Support and Feed: Covid-19 Crisis Response

In response to the pandemic, we were honored to serve as fiscal sponsor for this worthy new initiative that sprang into being through the efforts of a tireless group of volunteers and the vision of Maggie Baird, actress, screenwriter, and mother of Grammy-Award artists Finneas and Billie Eilish.

Support + Feed began as a crisis response initiative to provide plant-based meals prepared by local restaurants to individuals, children, and families disproportionately affected by the pandemic, while showcasing the benefits of a plant-based diet. Since then, Support + Feed has grown into an established organization with a mission to positively impact the environment and combat food insecurity by providing plant-based food and education about its benefits to underserved, distressed, or historically marginalized communities.

Operating in Los Angeles, New York, Philadelphia, and Washington DC, volunteers delivered nearly 60,000 meals in 2020 through partnerships with vetted organizations such as homeless and women’s shelters, family and children’s programs, food banks, senior centers, LGBTQ programs, and community centers.

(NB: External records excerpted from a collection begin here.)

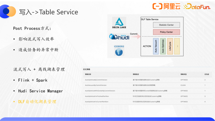 在阿里云EMR场景下,有些同时使用Flink和Spark引擎的客户,会采用Flink Hudi入湖和Spark离线管理的方案。另外EMR也提供了中心化的自动化湖表管理,是结合阿里云的DLF服务实现的。如图所示,湖格式自动将commit信息同步到DLF湖表服务,该服务将根据预定义的策略和实际表的状态及配置判断是否要产生湖表管理类的操作。
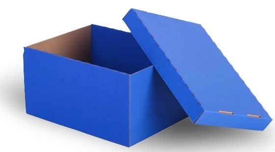 Krabice dno + víko z třívrstvé vlnité lepenky v modrém provedení.
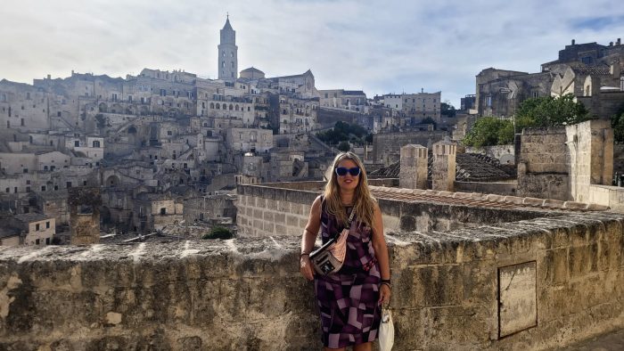 Posando desde uno de los múltiples miradores de Matera. Foto de Barbiegirl Travels Arts
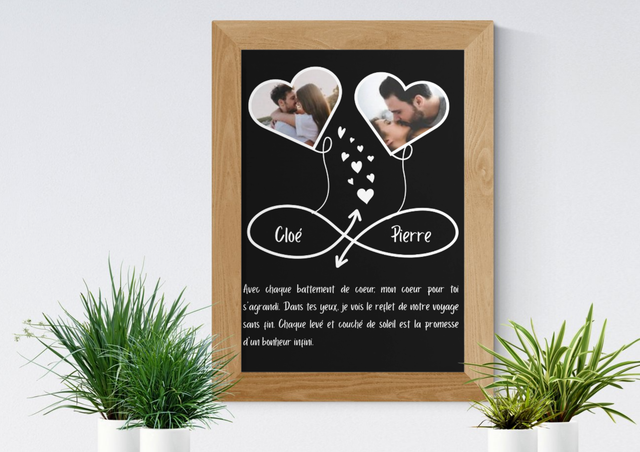 L'affiche personnalisée transforme vos photos en un design moderne et poétique.
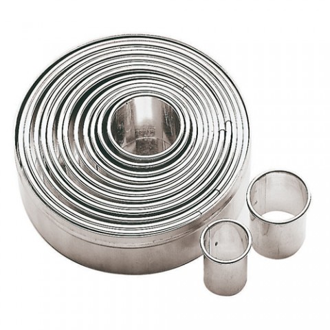 Dough Cutters, 3/8" - 4-1/4" dia. x 1-1/8"H round, plain, 14 piece set, stainless steel, Paderno, Bakeware
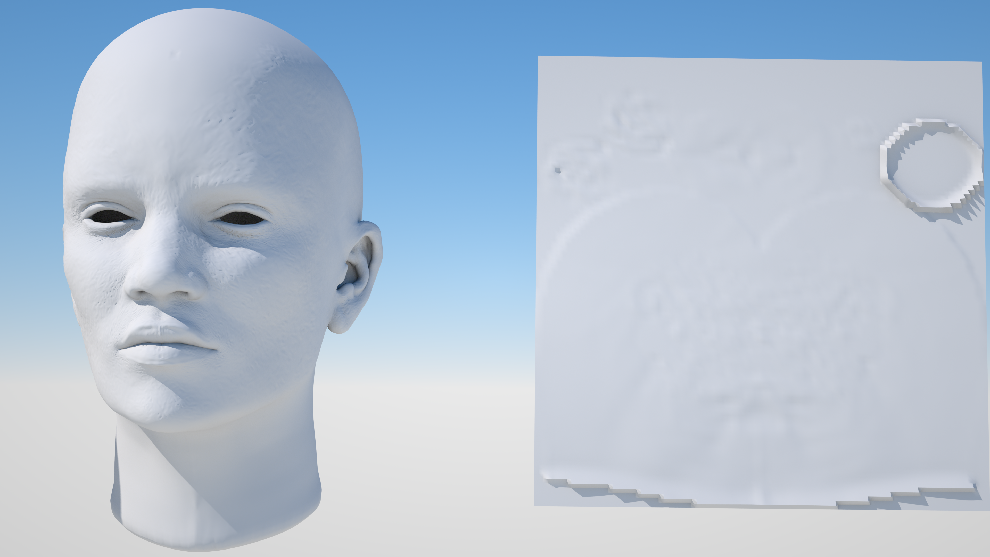 ]There is something wrong with Vertex Displacement and autobump. It works on some models and not on others. In the first attached image you can see the problem. It doesn't work on the head but it works just fine on a plane. You can see the same thing on the third image, works on the left model but not the right one. They don't have the same uvs but that doesn't really matter. They were both exported the same way from ZBrush. Thought something was wrong with the model but i tested it in Arnold and Redshift and it works just fine there.
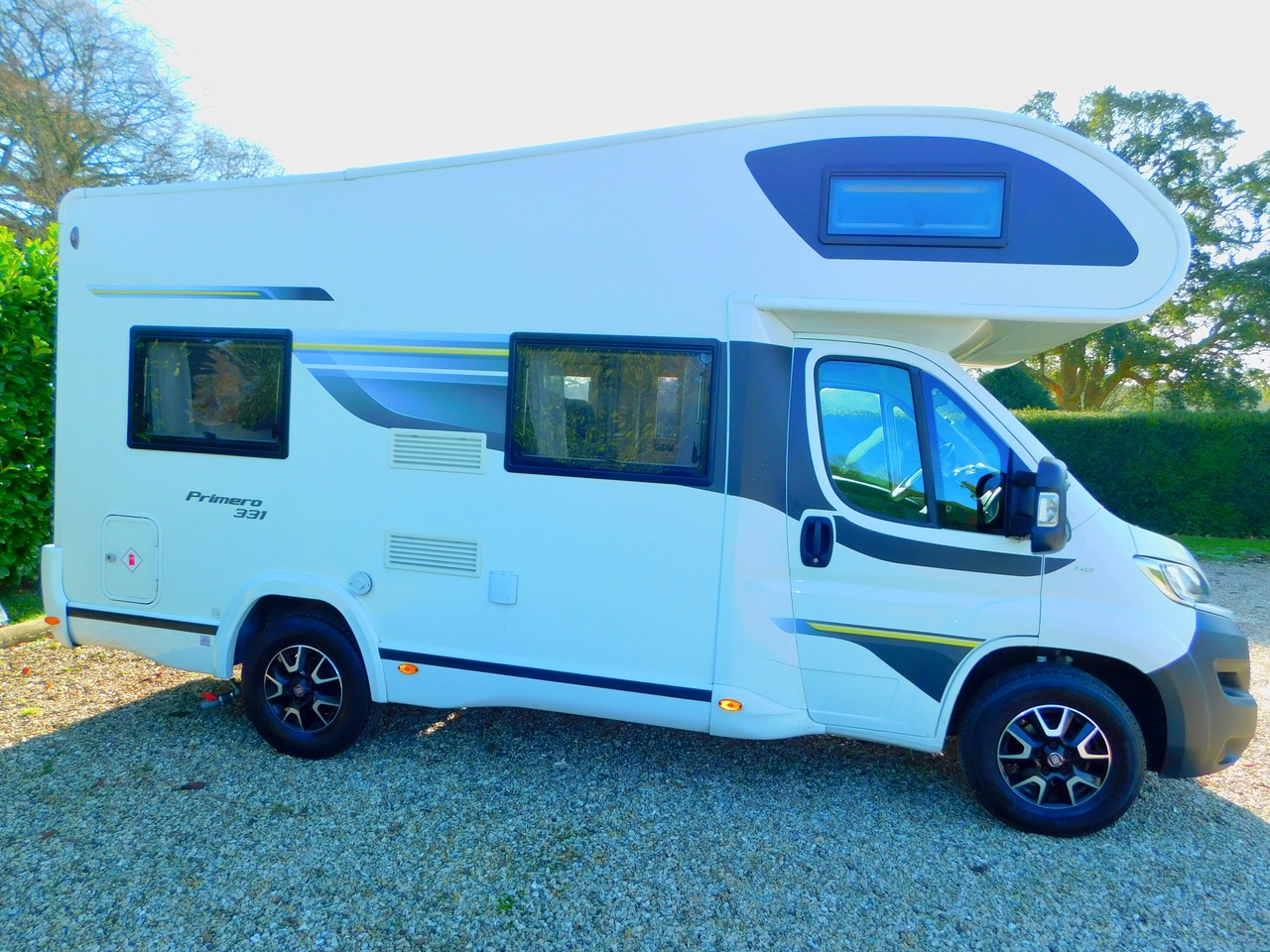 Benimar Primero 331 Full 4 Berth with 2 x DOUBLE Beds and 4 Seat Belts. July 2020 with Only 14,000 miles from New. Only 5.99m Long.
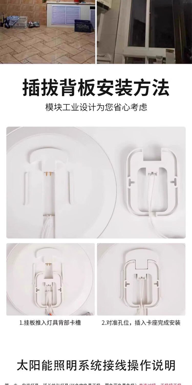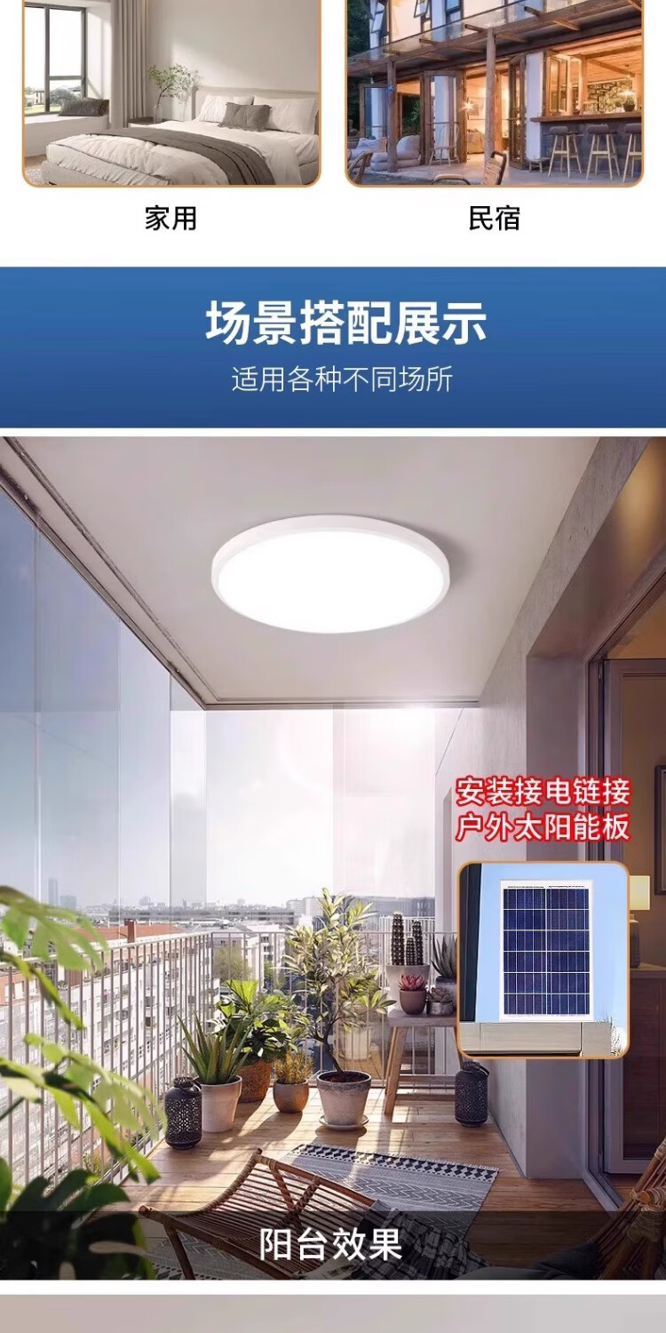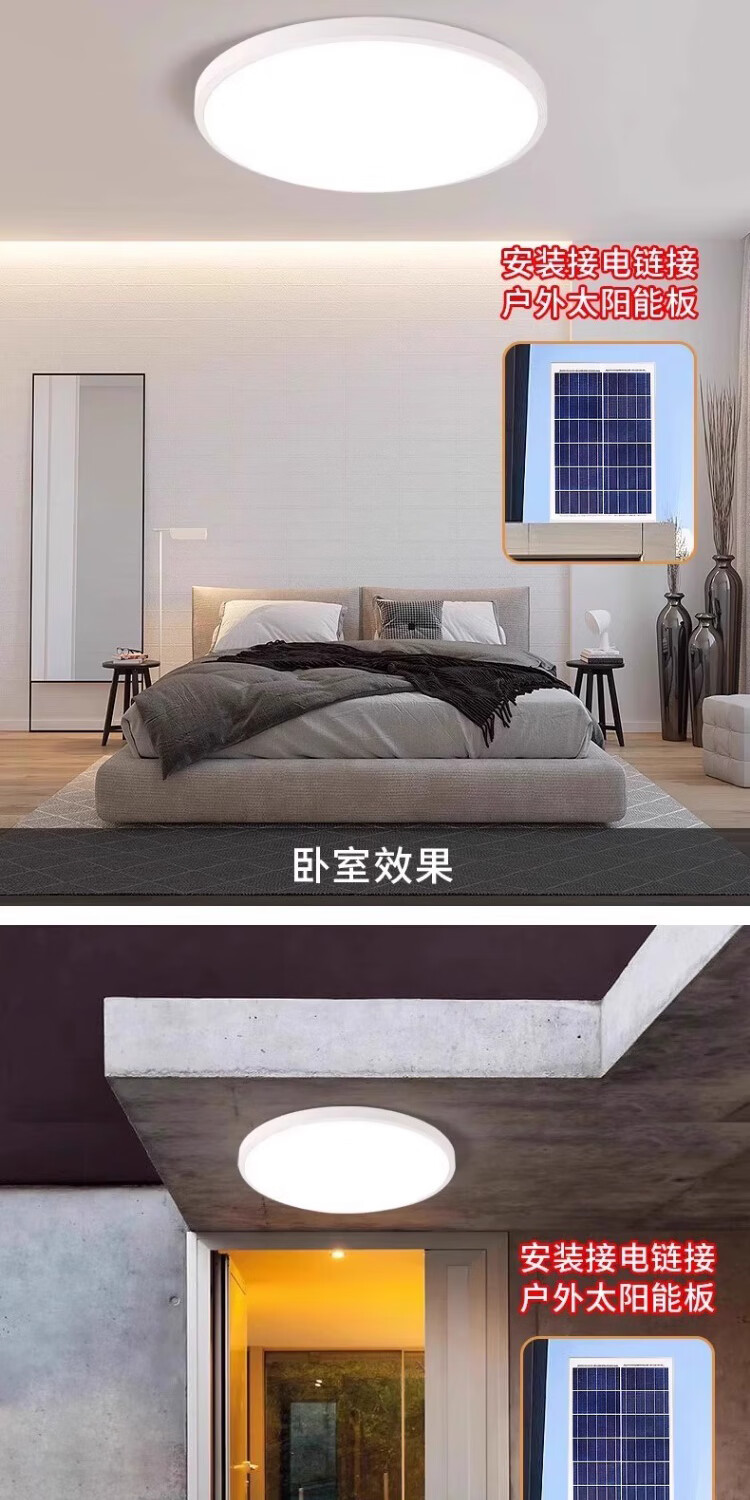 振牛太阳能室内照明灯家用阳台走廊灯户外庭院人体感应一拖多吸顶灯 一拖一【5米线】 太阳能+常亮+感应+市电互补

Our multidisciplinary practice leads to creative interventions, arts programming, and fiscal sponsorship for select projects that relieve suffering, cultivate transformation, and make life on earth better for all beings.

Past Projects & Events:

The Torso Project

This long term collaborative art project, organized by Julie & Matthew Chase-Daniel from 2007-2010, was an invitation for pregnant women to create a living legacy of the mystery, magic, and relationship to nature that the pregnant form represents. The goal of the Torso Project is to empower and support women, men and children during the life changes evoked by pregnancy and birth. Life-cast torsos of women at full-term were created in editions of three. One was given back to the woman from whom it was cast. The second was placed in the wilderness near the location of the birth and left as an offering to the natural world. The third was held by the artists for exhibition of the entire group of torso sculptures. For participants, and through the wilderness placements and public exhibitions, this project invites a new way of experiencing the way we all live as a family of the earth.

The Muse in the House: An evening to celebrate In the Family Way

Meditative Song Group

Led by vocalist Annette Cantor from 2007-2009, this meditative song group met in a series of four weekly classes dedicated to the celebration of spirit through song for people whose families are reforming after divorce, loss, or other life changes. Accompanied by the tambura, participants were invited to sing and relax into the still point that is the source of our creativity and emerge profoundly refreshed and centered in mind and body.

Pottery for Parents and Children

Weekly pottery classes for children (five and up) and their adult companions were offered as a six-week series facilitated by Julie and Matthew Chase-Daniel in 2007. Participants learned a variety of hand-building techniques through working on a set of cups and bowls for daily use. Classes offered parents and children a chance to connect and have fun amid the challenges of daily life.

Journal Project for Tweens and Teens

In this empowering program, led by photographer Anne Hayunga from 2007-2008, young girls learned how to blend text and photographs they created themselves into journals to capture the questions and revelations of their age. Journal groups met in a series of 4 weekly classes dedicated to fostering creative self-expression through photography, writing, and drawing.

In the Family Way is a federally recognized tax-exempt 501c3 public charity. Donations are tax-deductible to the extent allowed by law.